Relatives and supporters of Marcus Fischer, a Minneapolis teenager who was shot by city police in an interrogation room last week, converged on the Hennepin County Attorney's Office on Tuesday to demand that his family be allowed to visit him without supervision in the hospital.
After outcry, relatives of man shot by Minneapolis police demand visitation
Marcus Fischer's family say they've been barred from follow-up visits.
Fischer has been under guard as he recovers from multiple shots and what police say are self-inflicted stab wounds.
On Tuesday, his supporters filed into a courtroom at the Public Safety Facility, including his father, Eric Fischer, who sat in the front row, holding his head in his hands. When Judge Gina Brandt announced that his son would not be appearing for at least another day, Eric Fischer let out a muffled cry of frustration.
It was the second missed court appearance in a row after Marcus Fischer, 18, was kept from court on Friday for what a judge called "medical reasons." His current condition wasn't known on Tuesday.
Minutes after the announcement, the group, numbering several dozen, started toward County Attorney Mike Freeman's office on the 20th floor of the county Government Center.

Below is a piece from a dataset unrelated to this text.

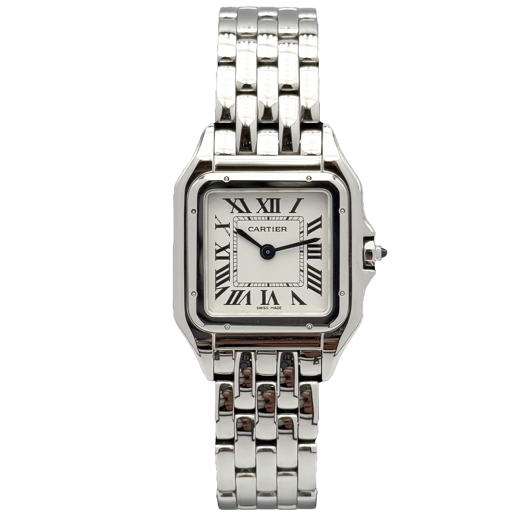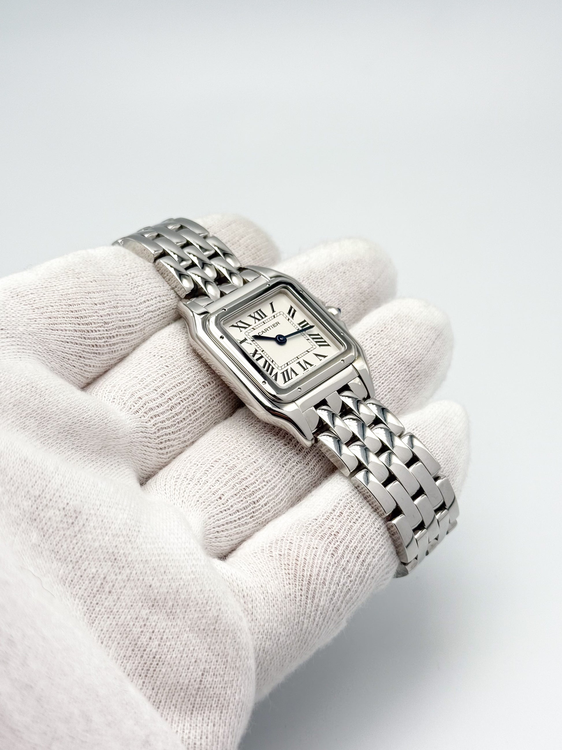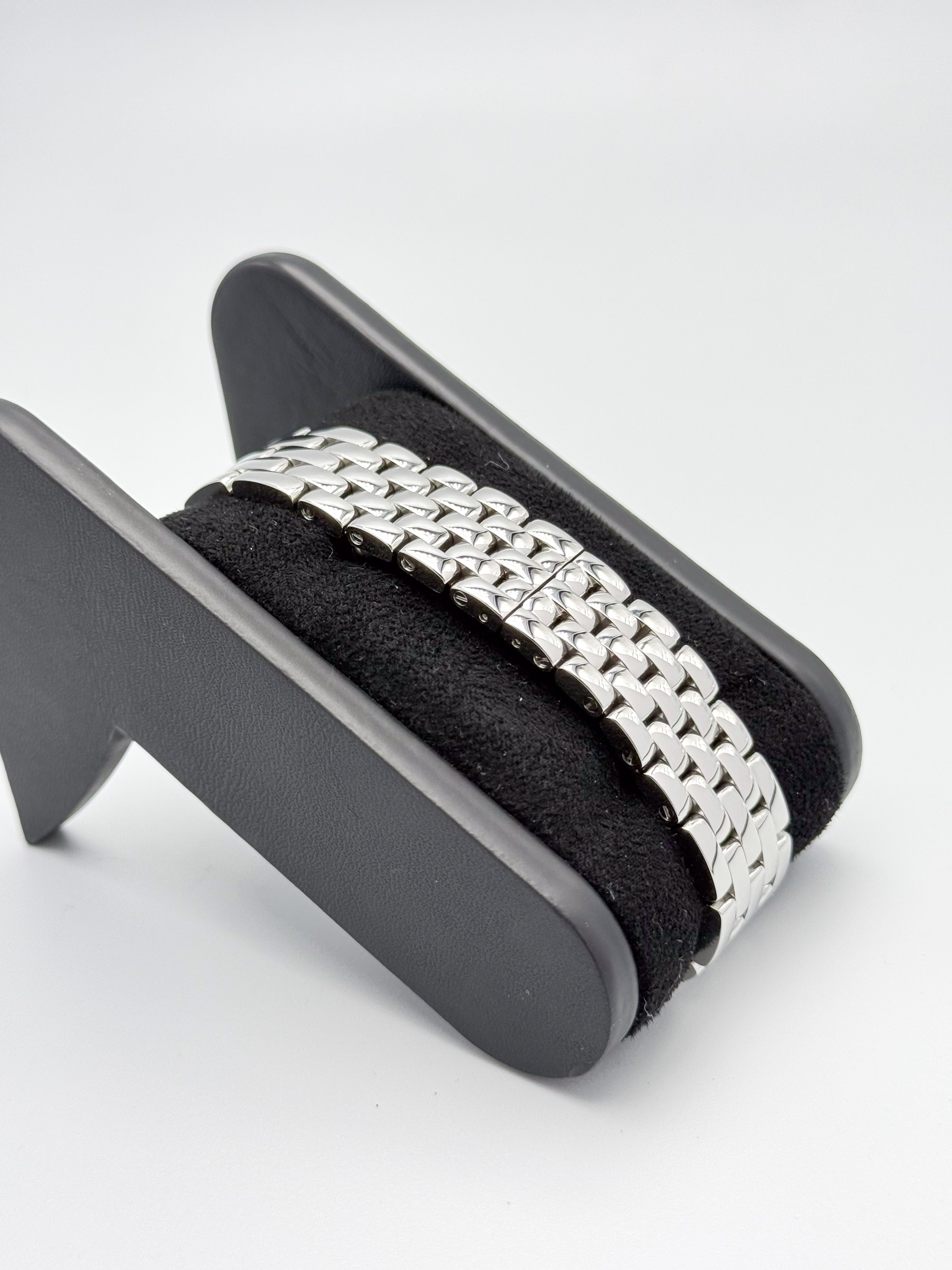 Panthère de Cartier, l'icona degli anni '80 che incarna l'eleganza felina della Maison. Questo orologio gioiello di medie dimensioni (27 x 37 mm) combina raffinatezza e versatilità, perfetto per chi ricerca uno stile deciso e sofisticato. Movimento a quarzo, cassa in acciaio con corona ornata di spinello sintetico blu, quadrante argentato e lancette a gladio azzurrato. Il bracciale in acciaio, straordinariamente flessibile, evoca le movenze sinuose della pantera. Resistente all'acqua fino a 30 metri, rappresenta l'equilibrio ideale tra gioiello e orologio da polso.

They crammed the lobby of Freeman's office and asked to speak to him.
Freeman declined to come out, but his spokesman, Chuck Laszewski, listened as they aired their grievances: that after an initial visit under police supervision, Fischer's father and sister had been barred from seeing him.
Community activist Mel Reeves and other speakers demanded to know why they were given no advance warning that Fischer's court date was being moved again.

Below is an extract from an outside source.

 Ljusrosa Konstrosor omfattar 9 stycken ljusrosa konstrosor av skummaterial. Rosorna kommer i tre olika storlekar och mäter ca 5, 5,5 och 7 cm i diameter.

"This office can make a request to [Hennepin County Sheriff Rich] Stanek," Reeves, an outspoken critic of police misbehavior, told Laszewski. "Exceptions can be made, and what we're asking for is an exception."

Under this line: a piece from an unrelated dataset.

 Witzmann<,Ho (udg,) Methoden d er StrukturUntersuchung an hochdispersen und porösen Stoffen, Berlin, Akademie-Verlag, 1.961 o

Reeves said later that authorities had agreed to allow the family visitation rights.
The case has raised concerns over how police officers deal with people who are harming themselves.
After his arrest Dec. 18 on suspicion of involvement with a robbery and shooting, Fischer was brought to police headquarters for questioning. At one point, he was left unattended in an interview room. When detectives returned, they found him cutting himself with a large folding knife that he brought into the room in his waistband, according to authorities. When he ignored orders to put the weapon down, and a Taser didn't stop him, officers shot him as he moved toward the door — even as a detective was still negotiating with Fischer, according to sources.
The two officers who fired their guns — Sgt. Gene Suker, a 20-year veteran of the department, and officer Jerome Carey, who has one year with the department — are on routine paid leave pending the outcome of a state investigation into the incident. So is officer David Martinson, an eight-year department veteran who deployed the Taser.
The entire encounter was caught on video, which police union officials say will show the officers acted justifiably when they opened fire.
The American Civil Liberties Union questioned whether police could have done more to defuse the situation.
"You would think that the police would recognize this as a mental health crisis … a situation that demands careful, nonviolent de-escalation techniques to keep everyone safe," the group said in a blog post last week.